Post by Edmund » Mon Jan 27, 2014 7:56 pm

Another correction is that Tris and Hugh broke their quizbowl duck at ACF Fall way back in 2010. Their rise, together with Sink The Bismarck (Southampton) has been very heartening.

Here are some general remarks on the set:

I thought the overall balance was good and the tastes of individual writers shone through without introducing egregious variations within the set. My impression was that the afternoon was harder than the morning, and the Lasletts packet had the air of being slightly harder and rather more solidly canonical: I'd be interested to see the round report to see if this is actually statistical. The set was almost wholly and creditably free of repeats.

The science seemed fairly well distributed to me, but others have pointed out a heavy amount of chemical physics compared to mathematical and quantum physics. Since I was educated in the same curriculum as the science editor, we probably share prejudices in our knowledge base. In the interest of making the science accessible to an open field that contained very few dedicated science players, I thought they were occasionally reluctant to offer challenging hard parts to bonuses.

The science notably fell victim to what I felt was the worst offence of this set, which was a sloppily large number of stock clues in first lines. Just off the top of my head, here are some examples of very early stock clues, or clues that prematurely and artificially narrowed the answer space: Larnaca for Cyprus, Bromsgrove for Worcestershire, Larkin for Lucky Jim, Slater for determinant, Marangoni for surface tension, paramagnetic for oxygen, "northernmost town" for Norway, "second-largest country subdivision" for Western Australia, Lethe for Hades. These generated either direct buzzer races or confusion, and were either errors or else underestimated the quality of the field. In the science distribution I recognise that there may have been a conscious effort to lower the difficulty, but putting basics in the first line just invited science specialists to mop these up.
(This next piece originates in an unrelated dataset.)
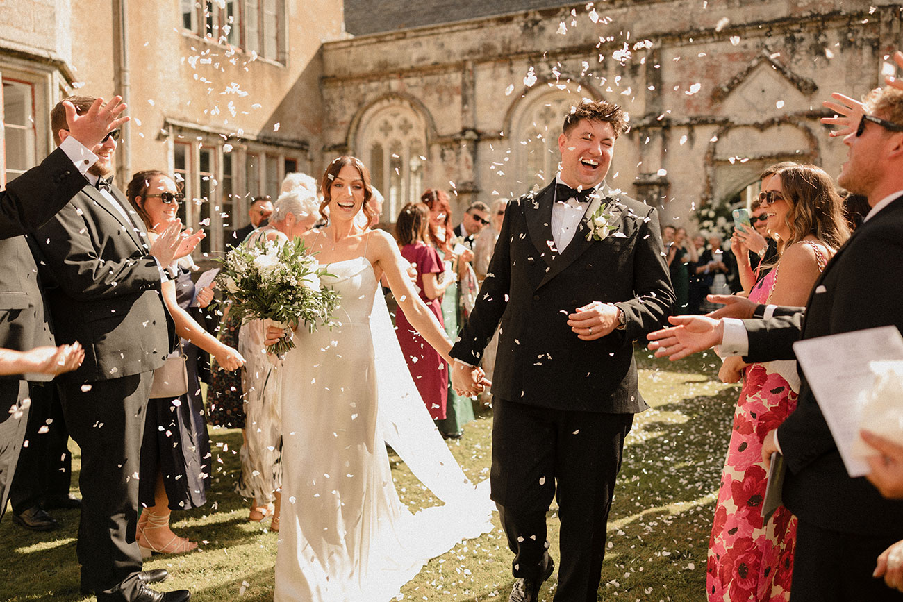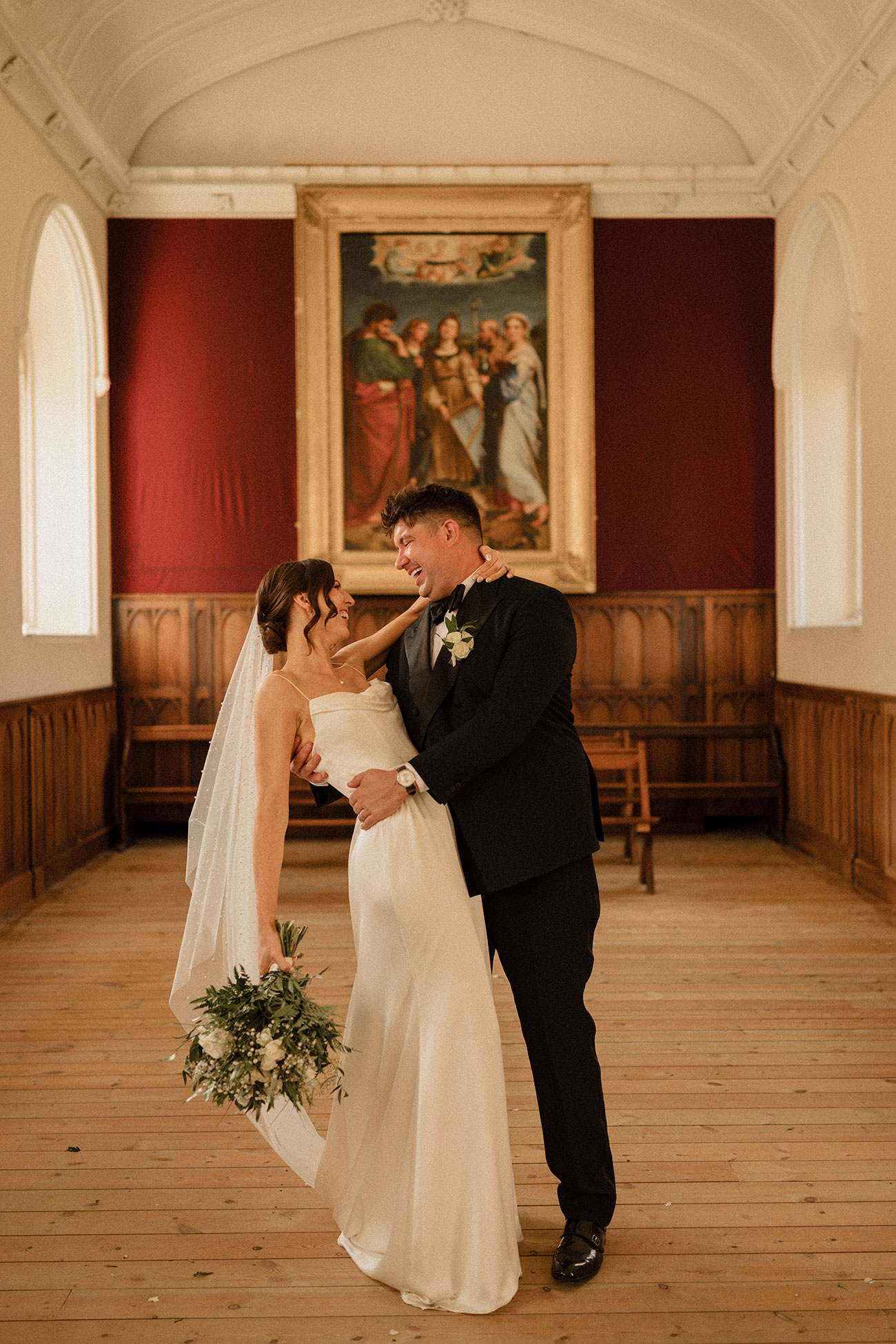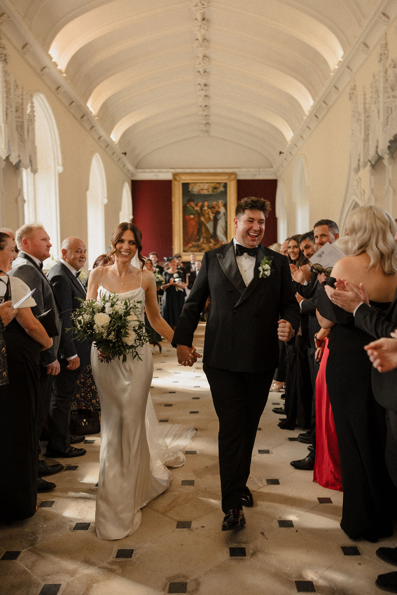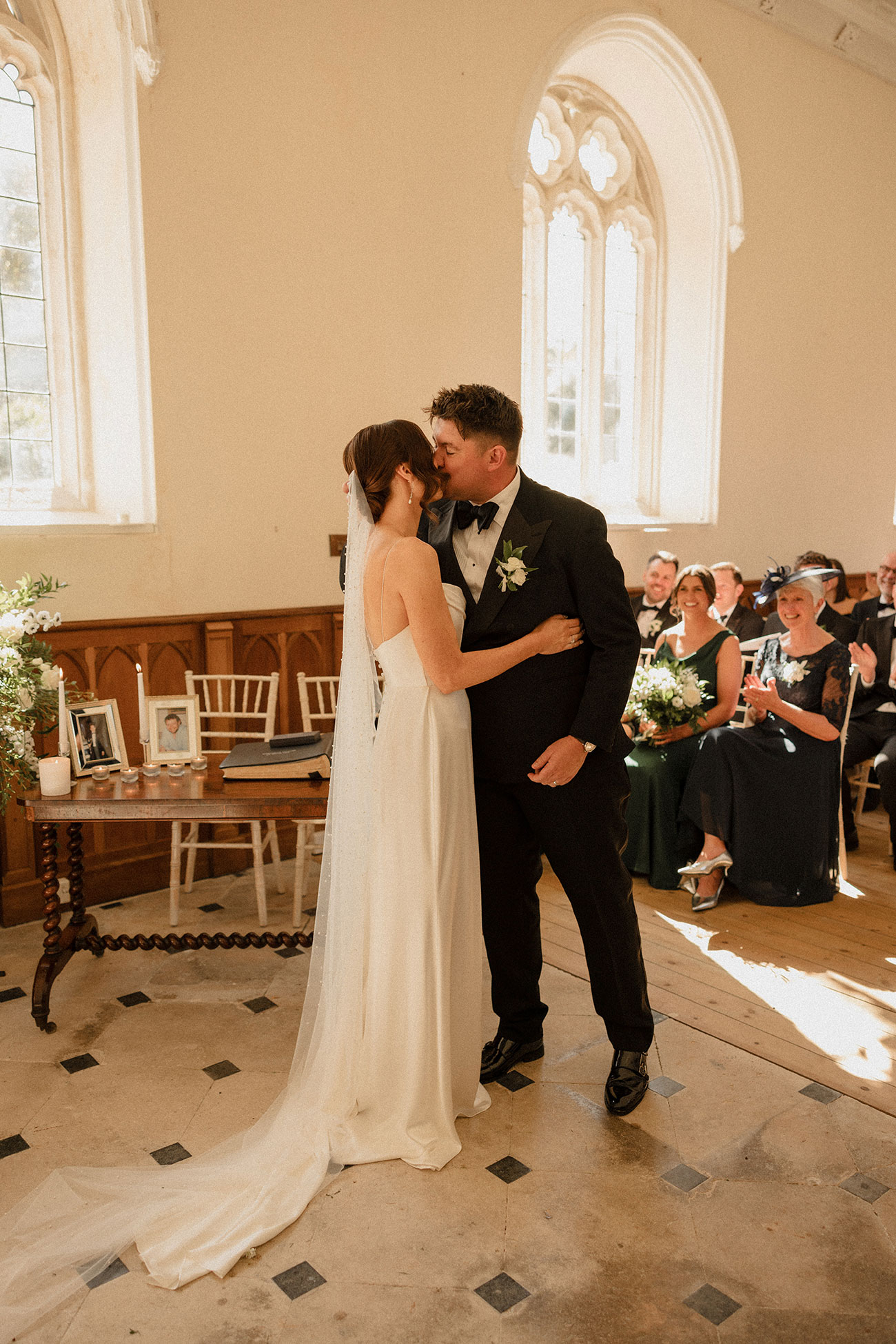 Sheree walked down the aisle of Trelowarren’s light-filled chapel in an exquisite Alexandra Grecco gown, flanked by her bridesmaids in deep green dresses. “The ceremony was our favourite part of the day,” she reflects. “Walking down the aisle to violins playing Annie’s Song by John Denver was very emotional and a really special moment. It was such an intimate ceremony, with personalised vows and traditional Cornish folk greetings conducted by Cornish Celebrants.”

I would echo the criticism of the literature and painting clues as being sometimes overly formulaic. On the fine art side, the "describe something largely irrelevant in an odd corner of a well-known painting" trope seemed much in evidence: I thought "In the top right of this painting man with a yellow cloth covering his lap rests his left hand on an L-shaped rod" for Burial of the Count of Orgaz and "This work features an orange grove scattered with white blossoms picked out in gold." for Birth of Venus stood out. The last one is outright bad as Primavera is full of oranges.

I have some notes on specific questions which I left in the office and will relay later.